### Data in this exercise
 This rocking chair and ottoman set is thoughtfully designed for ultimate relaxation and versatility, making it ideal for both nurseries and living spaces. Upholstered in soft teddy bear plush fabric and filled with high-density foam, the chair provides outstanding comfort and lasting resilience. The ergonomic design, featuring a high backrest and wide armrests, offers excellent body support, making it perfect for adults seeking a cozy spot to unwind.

--

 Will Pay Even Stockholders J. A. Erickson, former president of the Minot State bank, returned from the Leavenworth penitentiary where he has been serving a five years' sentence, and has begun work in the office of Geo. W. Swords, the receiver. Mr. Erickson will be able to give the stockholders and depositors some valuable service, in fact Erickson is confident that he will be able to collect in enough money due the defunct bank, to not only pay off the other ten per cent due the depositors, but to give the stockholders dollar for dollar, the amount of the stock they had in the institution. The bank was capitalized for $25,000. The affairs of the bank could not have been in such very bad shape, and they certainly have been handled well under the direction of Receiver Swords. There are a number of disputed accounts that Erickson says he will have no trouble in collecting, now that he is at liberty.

* * *

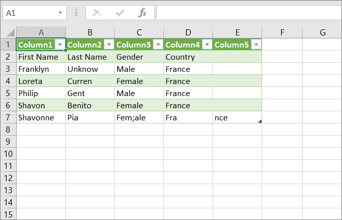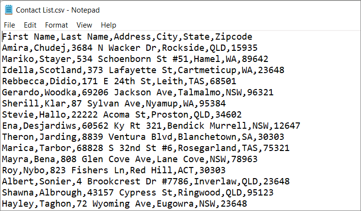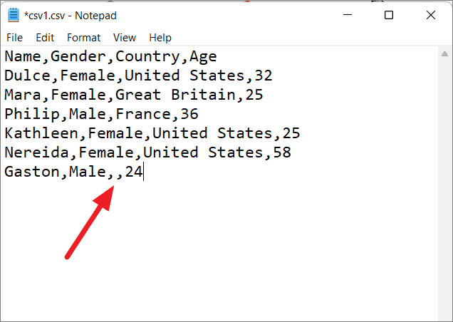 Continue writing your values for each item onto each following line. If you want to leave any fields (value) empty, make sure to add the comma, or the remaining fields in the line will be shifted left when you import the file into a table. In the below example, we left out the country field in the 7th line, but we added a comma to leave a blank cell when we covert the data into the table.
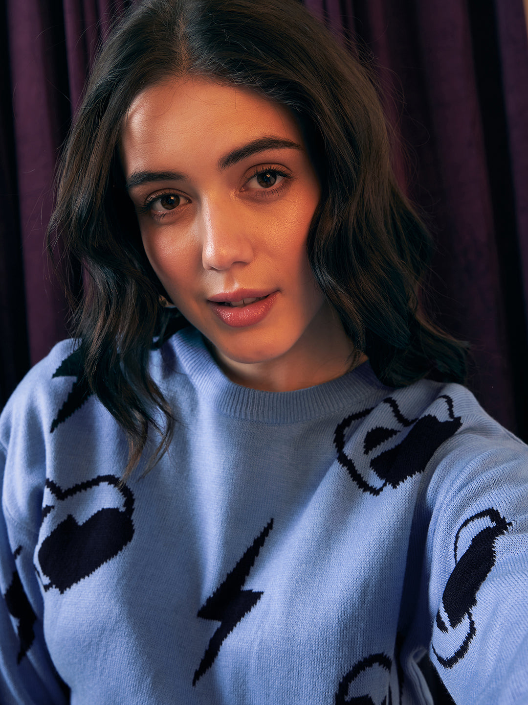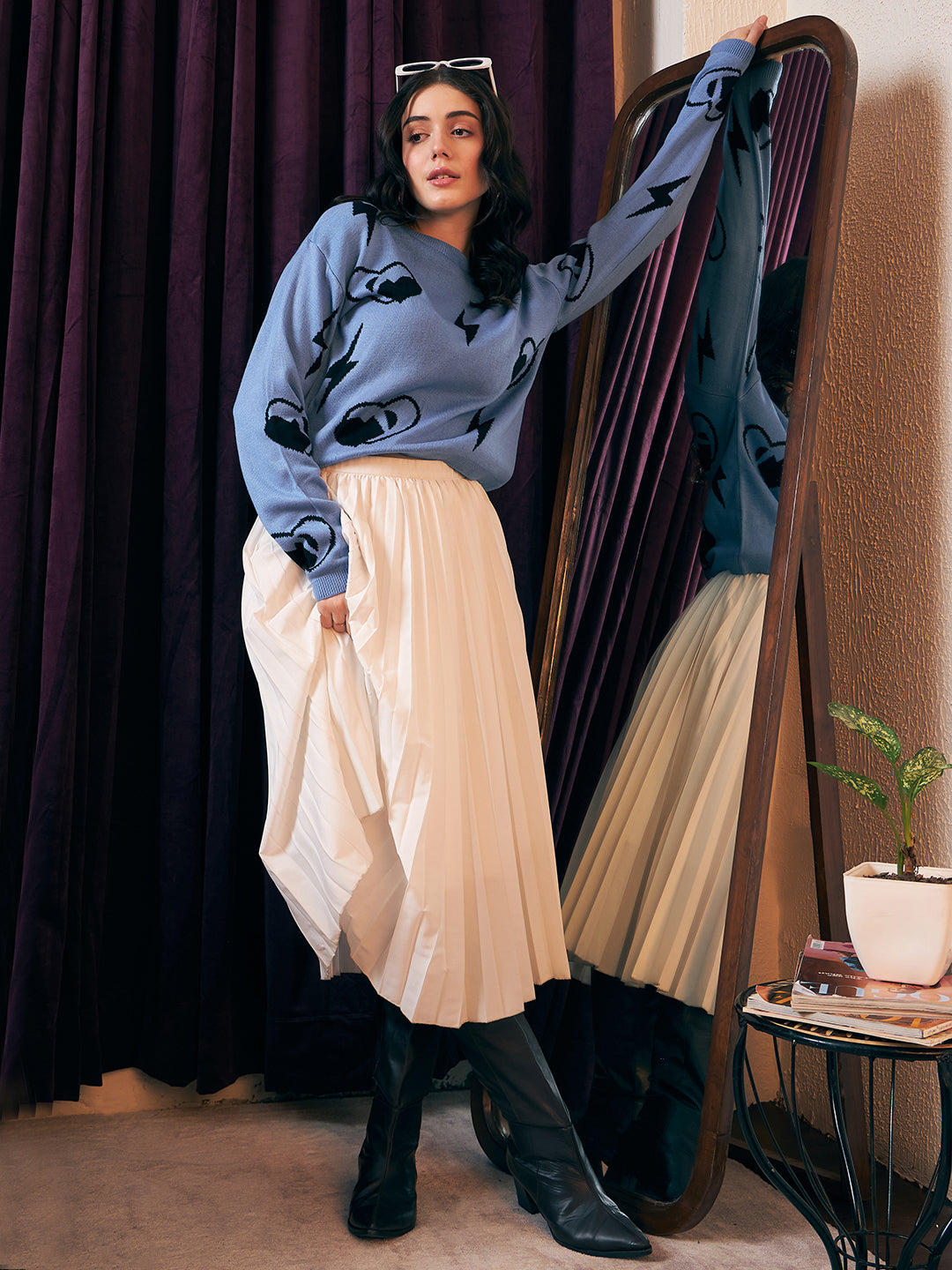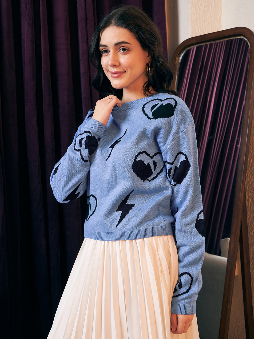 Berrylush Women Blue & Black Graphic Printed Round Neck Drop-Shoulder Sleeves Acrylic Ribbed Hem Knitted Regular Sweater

### Assignment
Find where the line with "Continue writing your" sits in the material above and where the line with "Berrylush Women Blue" sits. Set down exactly the lines from the first to the second, both included and nothing else, without pictures.

### Exercise answer
 Continue writing your values for each item onto each following line. If you want to leave any fields (value) empty, make sure to add the comma, or the remaining fields in the line will be shifted left when you import the file into a table. In the below example, we left out the country field in the 7th line, but we added a comma to leave a blank cell when we covert the data into the table.
 Berrylush Women Blue & Black Graphic Printed Round Neck Drop-Shoulder Sleeves Acrylic Ribbed Hem Knitted Regular Sweater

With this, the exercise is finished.